Our ability to make payments of principal of and interest on our indebtedness depends upon our future performance, which will be subject to general economic conditions, industry cycles and financial, business and other factors affecting our consolidated results of operations and financial condition, many of which are beyond our control. If we are unable to generate sufficient cash flow from operations in the future to service our debt, we may be required to, among other things:

repatriate funds to the U.S. at substantial tax cost;
seek additional financing in the debt or equity markets;
refinance or restructure all or a portion of our indebtedness;
sell selected assets; or
reduce or delay planned capital or operating expenditures.

Such measures might not be sufficient to enable us to service our debt. In addition, any such financing, refinancing or sale of assets might not be available on economically favorable terms or at all.

We may be unable to adequately protect or enforce our intellectual property rights.

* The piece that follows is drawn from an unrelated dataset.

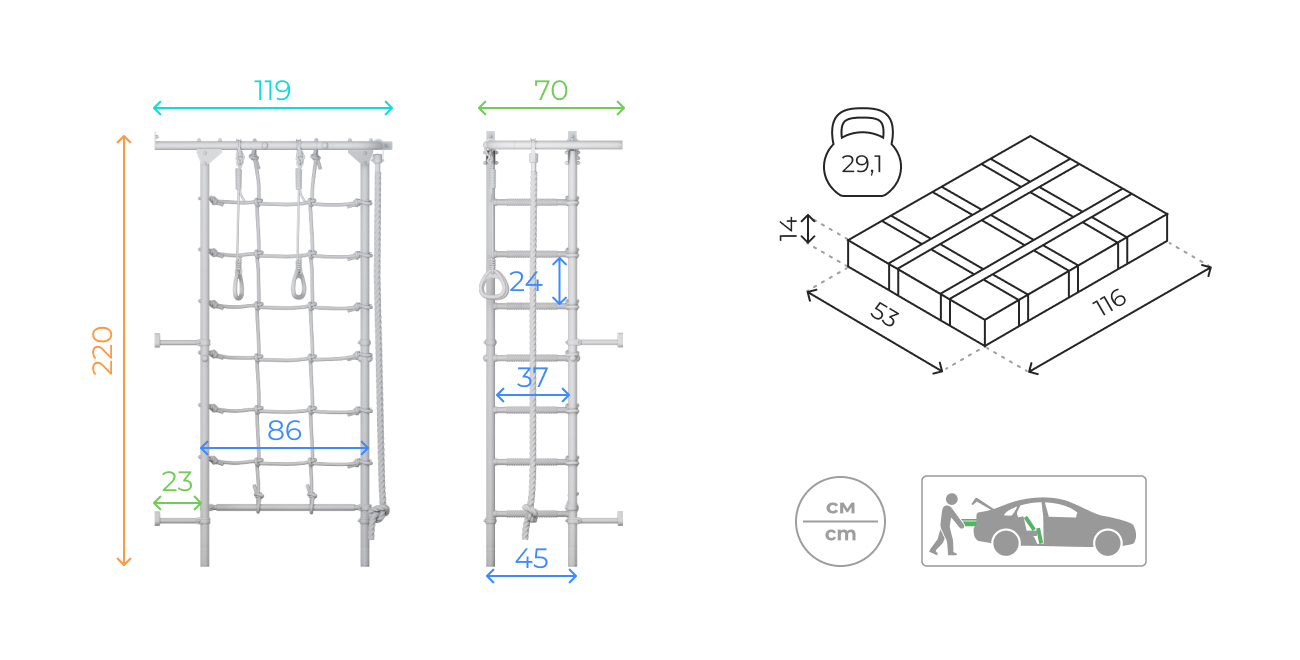 У детского спортивного комплекса ROMANA С4 оригинальная конструкция и расположение элементов. На рукоходе можно разместить разнообразное навесное оборудование. В комплекте предусмотрены канат, кольца и канатный лаз шириной 70 см из крепкого шнура. Конструкция выдерживает вес до 100 кг (нагрузка при испытаниях — 200 кг). Ступени лестницы обладают массажным эффектом, развивая мелкую моторику.

We regard the protection of our intellectual property, including our trademarks (particularly those covering the eBay and PayPal names), patents, copyrights, domain names, trade dress and trade secrets as critical to our success. We aggressively protect our intellectual property rights by relying on federal, state and common law rights in the U.S. and internationally, as well as a variety of administrative procedures. For example, we pursue the registration of our domain names, trademarks and service marks in the U.S. and internationally. Additionally, we have filed U.S. and international patent applications covering certain aspects of our proprietary technology. We also rely on contractual restrictions to protect our proprietary rights when offering or procuring products and services. We have entered into confidentiality and invention assignment agreements with our employees and contractors and confidentiality agreements with parties with whom we conduct business in order to limit access to, and disclosure of, our proprietary and confidential information.

However, effective intellectual property protection may not be available in every country in which our products and services are made available, and contractual arrangements and the other steps we have taken to protect our intellectual property may not prevent third parties from infringing or misappropriating our technology or deter independent development of equivalent or superior technologies or other intellectual property rights by others. In addition, trademark, copyright, patent, domain name, trade dress and trade secret protection is very expensive to maintain and may require litigation. We must protect our intellectual property rights and other proprietary rights in an increasing number of jurisdictions, a process that is expensive and time consuming and may not be successful in every jurisdiction. Also, we may not be able to discover or determine the extent of any unauthorized use of our proprietary rights. Furthermore, we have licensed in the past, and expect to license in the future, certain of our proprietary rights, such as trademarks or copyrighted material, to others. These licensees may take actions that diminish the value of our proprietary rights or harm our reputation. Any failure to adequately protect or enforce our intellectual property rights, or significant costs incurred in doing so, could materially harm our business.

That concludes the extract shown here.